# Fishing with the girls



## capthoop (Oct 28, 2007)

I had my great grand daughter Kyra and Layla Bowers with me for a few hours between the storms. We headed out knowing we would have to come back soon due to weather.










They loved the ride out but it did nothing for their already wild hair. 










At our first place we found the ever present hardhead catfish. Although they did provide action the girls knew they were just throw back fish that were eating all our bait.










With the flood tides and getting near high tide my effort to find any moving water or for that matter any half way clean water was a challenge in itself. After a few moves Layla puts the first fish in the boat.










The winds were picking up and a small storm was close by. With nothing else happening except the catfish I went to another completely different area. At this place we had some beautiful observers watching our fishing skills. They were not afraid of us at all.










This place was good to us because Kyra was able to put a redfish in the box. By this time she was all fished out and wanted to head back to the house so she could go swimming. 

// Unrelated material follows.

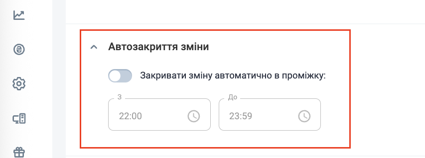 - Увімкніть перемикач “Закривати зміну автоматично”
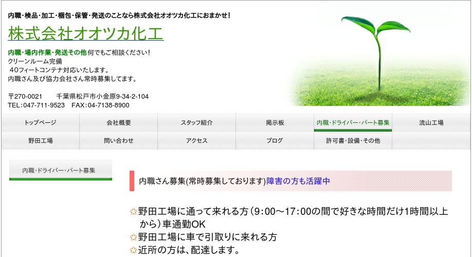 公式サイトへ「株式会社オオツカ化工」の内職について、ホームページの記載内容から、オススメできそうか(安心できそうか)を在宅ワークガイド・スタッフが独自にチェックしました。(2015年12月4日チェック)

Layla added another redfish to the box. These are all around 17 inches. I do not know how fast they grow but the ones I was getting in the spring were just under 16 inches. I hope they grew that fast. The storms were threatening so we called it. Did not see lightning but the ones near us were rumbling with thunder.










The next day Kyra stayed at home and Layla and I went fishing. Read the above and you have the same trip. Catfish then a flounder then the redfish and the nasty storms sending us back home. We never got wet except for a spray or 2 while running.










After I cleaned the fish and while I was washing the boat Layla was practicing her casting in the yard. This girl loves to fish and I know her and I will be spending some time on the water this summer. I told her mom, Shannon, "Before I am finished with her she will be fishing the tournaments".










Life is Good!
Fishing is not a matter of life or death. It's more important than that.

CAPT HOOP -- OUR FREEDOM


----------



## BananaTom (Feb 16, 2008)

Where was this, I thinking That is the Empire Bridge in the first PIC??

Anyway, great to watch kids fish any and all day.

Congrats on the smiles


----------



## cobe killer (Apr 13, 2008)

nice report. looks like a fun day. can hardly wait to start taking my granddaughter out fishing.


----------



## Jason (Oct 2, 2007)

Awesome work w/ them gals!!! They'll remember days like this fer ever!!!! They looked like they had a blast!


----------



## capthoop (Oct 28, 2007)

You know your areas well Tom. I live right there. That is where I usually go out of when not on charters. Most of my charters are out of Venice.


----------